- Jensen–Clark House
- U.S. National Register of Historic Places
- Location: 32 E. Main St. (8720 South), Sandy, Utah
- Coordinates: 40°35′35″N 111°53′22″W﻿ / ﻿40.59306°N 111.88944°W
- Area: 0.3 acres (0.12 ha)
- Built: c.1921
- Architectural style: Bungalow/craftsman, Prairie School vernacular
- Part of: Sandy Historic District
- MPS: Sandy City MPS
- NRHP reference No.: 00001298
- Added to NRHP: November 6, 2000

= Jensen–Clark House =

The Jensen–Clark House, on Main St. in Sandy, Utah, was built around 1921. It was listed on the National Register of Historic Places in 2000. The listing included three contributing buildings.

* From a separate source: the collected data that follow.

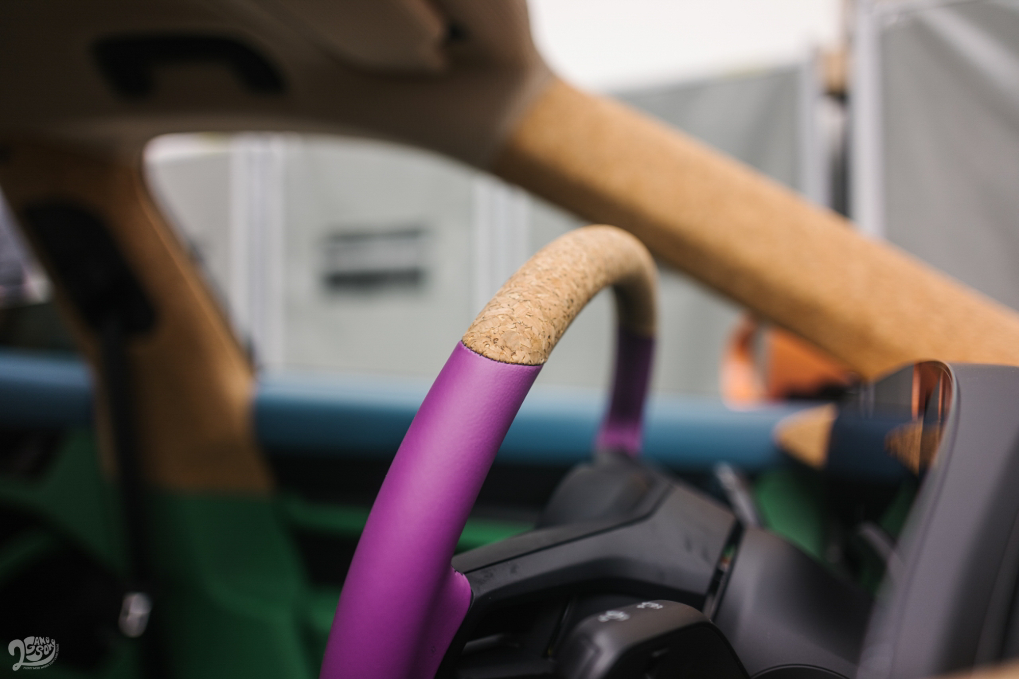 內裝的概念則是延續外觀色塊的設計。Wotherspoon 也使用他過去常用於街頭服飾的燈芯絨和軟木材質,燈芯絨在保時捷有著悠久的傳統,早在 1952 年,保時捷 356 的中央椅面材質就採用了柔軟的螺紋燈芯絨。在新的藝術車中,這種編織材料採用了荒漠米色,而保時捷在 2020 年的 911 Targa 4S Heritage 車型上便使用這種材料。Müller 表示:「使用軟木材質對我們修邊機是很大的挑戰。」成捲的軟木最終成功塑造成複雜的形狀,如儀錶板。
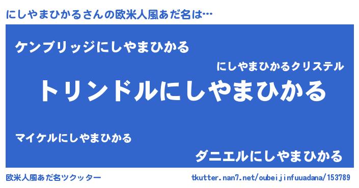 | 男性向けラノベタイトル風あだ名 | 『にしやまひかる~年齢イコール彼女いない歴の魔法使い~』 |
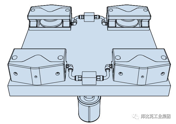 环形自动装配线具有多个工位,也就是说在环形导轨上具有多个滑座,每个滑座上都安装有导轨润滑块,对V型导轨面进行润滑,对多个滑座的润滑块,进行手动加油将是非常麻烦的工作。
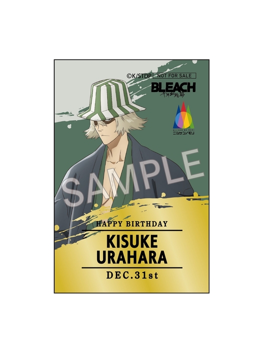 イベント開催期間中に誕生日を迎えるキャラクターをお祝いする限定イベント。第4弾は年末年始に誕生日を迎える3名のキャラクター、コン(12月30日生)、浦原喜助(12月31日生)、四楓院夜一(1月1日生)のお祝いに、期間中に来場された方には、ご希望のバースデーイベント限定ノベルティをプレゼントいたします。
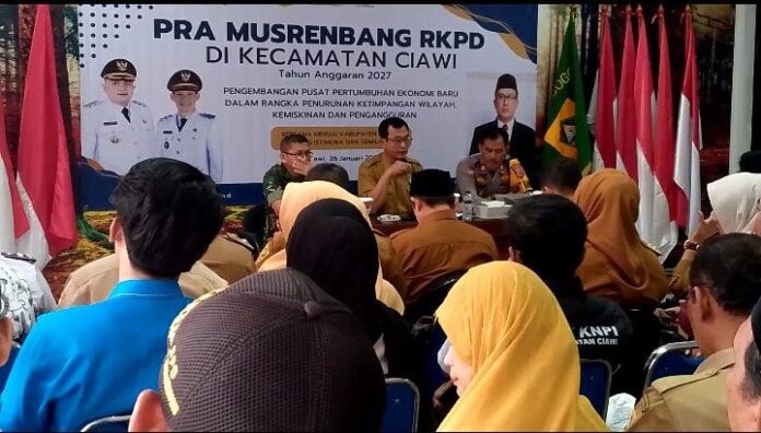 Pemerintah Kecamatan Ciawi menggelar Pra Musyawarah Perencanaan Pembangunan (Pra Musrenbang) Rencana Kerja Pemerintah Daerah (RKPD) Tahun Anggaran 2027 di aula Kecamatan Ciawi, Kabupaten Bogor, Senin (26/1/2026).
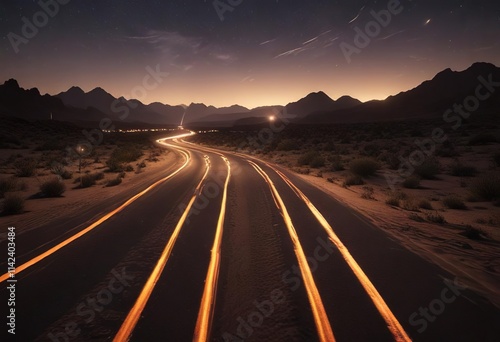 Fototapeta premium Light trails in the darkness of a desert landscape, rock formations,...
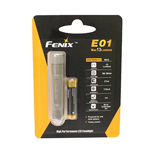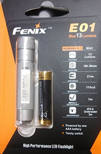 Studio : Fenix Flashlights Publisher : Fenix Flashlights Product Description The Fenix E01, a perfect portable mini LED flashlight, with negligible volume and weight, can be put into your purse, pocket or simply be fastened onto your key chain. It could serve you as your reliable companion at any time. Though it is compact in volume, the Fenix E01 has amazing performances. You will be marveled at its excellent brightness and extraordinary long runtime, high reliability durability, outstanding water resistance and its exquisite workmanship. All these make it become your best choice to add to a flashlight collection or to give as gift or to serve as your close companion.

The property includes a one-story bungalow house, an infirmary, and a two-car garage. The house's design is influenced by Prairie School style.

Main St. is also known as 8720 South in the larger street grid numbering system of the area. The house more specifically is located at 32 E. Main St., on the southwest corner of Main St.'s intersection with S. 40 East Street, in Sandy. The infirmary building is 12 feet to its west, and is visually connected by an ivy-covered fence with an arched gateway. A driveway on the edge of the property, running south along the far side of the infirmary building and then turning east, behind it, goes to the two-car garage.

It is included in the National Register-listed Sandy Historic District.